Human services organizations promote responsible administration that is responsive to citizens’ needs, publically accountable, and prudent in using resources to plan and deliver care. Interoperability can help facilitate these goals; however, there are many challenges to implementing interoperability in public healthcare, including:
- Budgetary shortfalls and the pressures of cost containment
- Independent, idiosyncratic systems of care that impede service coordination and information exchange
- High costs of processing and exchanging information in a universally meaningful format
- Inconsistent local, state, and federal regulations that complicate program administration and increase costs
Human services organizations must find internal methods to shield themselves from these external factors as they continue working to connect consumers, funders, and service providers. In addition to external challenges, human services organizations face internal challenges, including:
- Ensuring efficient fiscal management
- Coordinating care across systems
- Holistically meeting clients’ multiple needs
- Maximizing the benefits derived from available funds
- Sharing information adequately
Coordinating and monitoring care delivery is complex and information-intensive. Striving toward interoperability can provide human services agencies with more tightly organized, well-coordinated care delivery and program administration, which will be more cost-efficient and productive over the long term.
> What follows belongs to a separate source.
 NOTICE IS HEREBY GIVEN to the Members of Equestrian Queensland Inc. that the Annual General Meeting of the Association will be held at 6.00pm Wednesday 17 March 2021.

Using information technology and changing organizational structures are two helpful steps for tackling these tasks within the context of an interoperability initiative.
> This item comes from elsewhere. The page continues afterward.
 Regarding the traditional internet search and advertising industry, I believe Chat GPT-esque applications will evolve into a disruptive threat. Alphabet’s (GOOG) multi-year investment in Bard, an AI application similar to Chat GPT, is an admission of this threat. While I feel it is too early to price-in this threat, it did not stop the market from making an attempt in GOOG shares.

Although information technology and organizational changes carry a substantial cost in money, time and effort, the long-term benefits of organizations’ increased capacity to provide care will more than compensate for short-term costs. Increasing demand for services and the need to contain costs will mobilize government bureaucracies to consider innovative models and to invest in infrastructure. Current healthcare reform efforts focus on using information technologies for broader health data exchange. Vast fund allocations for health IT in the American Recovery and Reinvestment Act of 2009 (ARRA) serve as an incentive for public organizations to pursue interoperability as a promising strategy for handling internal and external challenges.